Regardless of which viewpoint one favors, the ongoing nature of the debate

highlights the need to develop a better understanding of why certain accounting

variables convey information about the cross-sectional properties of stock returns. I

propose a simple strategy for developing new insights in this regard. It is similar in

spirit to the well-known approach of Campbell and Shiller (1988). These authors

show that the logarithm of the gross return on a dividend-paying stock can be closely

approximated by a linear function of the log D/P ratio and log dividend growth rate.

This linear approximation has proven to be very useful in empirical research because

it can be combined with linear time-series models, such as vector autoregressive

(VAR) specifications, to generate a range of testable predictions about the behavior

of conditional expected stock returns.

I begin the analysis by considering the implications of clean-surplus accounting for

non-dividend-paying stocks.
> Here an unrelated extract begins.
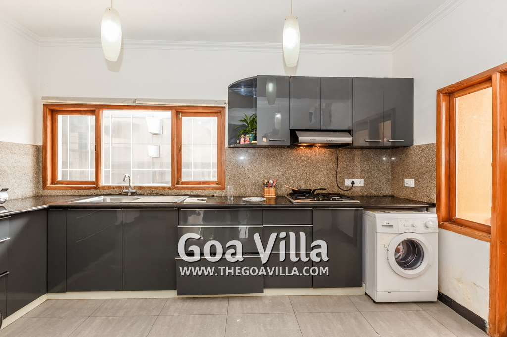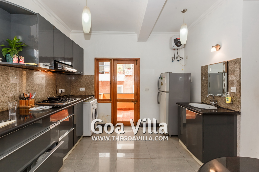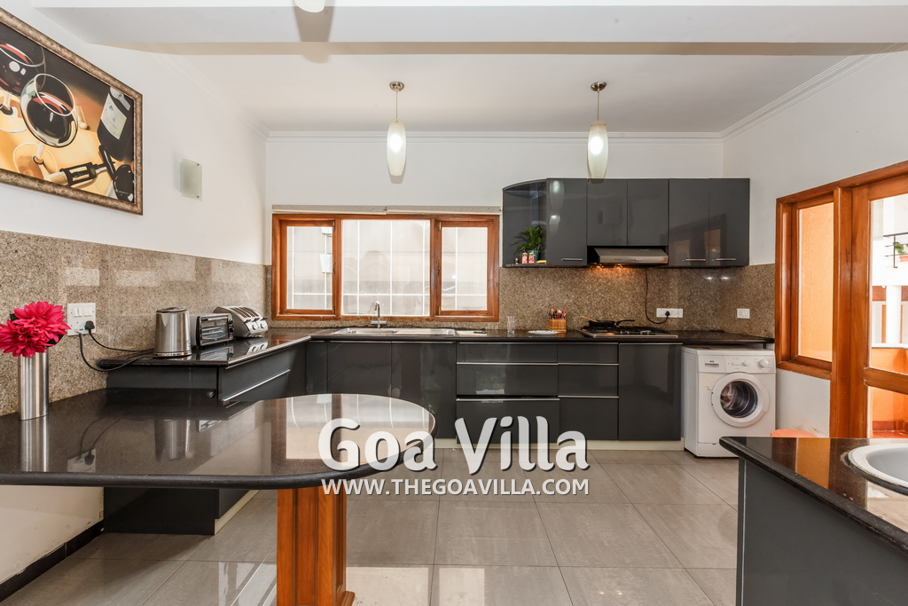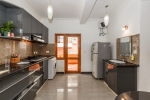 Kitchen – The kitchen is fully equipped with a cooking station, chimney, toaster, large refrigerator, water purifier, microwave, juicer, and washing machine. The dining area is just beside the kitchen.
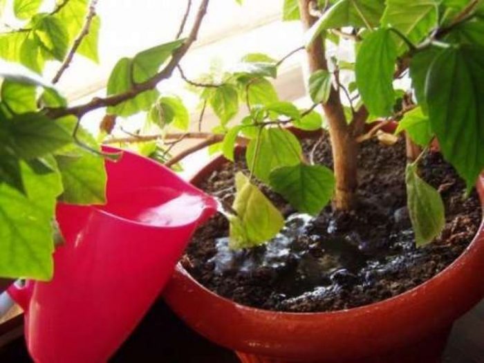 - В'янення куща. Як правило, це відбувається із-за того, що куща не вистачає води. Також це може статися і з нещодавно пересадженим кущем, який ще не встиг прижитися. Ще це буває пов'язано з гниттям коренів. У цьому випадку вийміть квітка з горщика, видаліть з його кореневої системи залишки ґрунтосуміші і на 30 хвилин занурте її в слабкий розчин марганцевого калію. Оброблене рослину висаджують в новий не дуже великий горщик, який наповнюють легкої почвосмесью (в підходящу для гибискуса землесуміш треба всипати вермикуліт). Якщо все зробити правильно і своєчасно, тоді можливо у вас вийде врятувати квітку.

Using simple algebra, I show that the gross return on

such a stock can be expressed as a multiplicative function of the contemporaneous

return on equity (ROE), the contemporaneous B/M ratio, and the lagged B/M ratio.

Consequently, the conditional expected log return for the stock can be decomposed

into a sum of three components: the conditional expected value of the log ROE, the

conditional expected value of the log B/M ratio, and the lagged (i.e., observed) value

of the log B/M ratio. This decomposition has several noteworthy features.

First, it is derived without reference to any stock valuation model, and should

therefore hold under all valuation models. The question of whether stocks are

priced rationally or irrationally does not come into play. Second, it implies that the

lagged value of the log B/M ratio, which is observable to investors, is one determinant

of the conditional expected log stock return. This is interesting given that some

researchers view the evidence of a B/M effect in average stock returns as indicative of

market inefficiency. Third, it implies that any variable that has some ability to forecast

log ROE or the log B/M ratio should have some power to forecast log stock returns.

In view of this last feature, it is natural to posit that lagged values of the log

accounting ratios should capture cross-sectional variation in conditional expected log

stock returns. Suppose, for example, that the dynamics of the log ROE and log B/M

ratio are described by a VAR(1) process. Under these circumstances, the conditional

expected value of the log stock return is linear in the lagged values of the log ROE

and log B/M ratio. If this is true for a majority of non-dividend-paying stocks, then a

cross-sectional regression of log stock returns on lagged values of the log ROE and log

B/M ratio should be reasonably well specified. I investigate the performance of such

regressions using data for NYSE, AMEX and NASDAQ firms.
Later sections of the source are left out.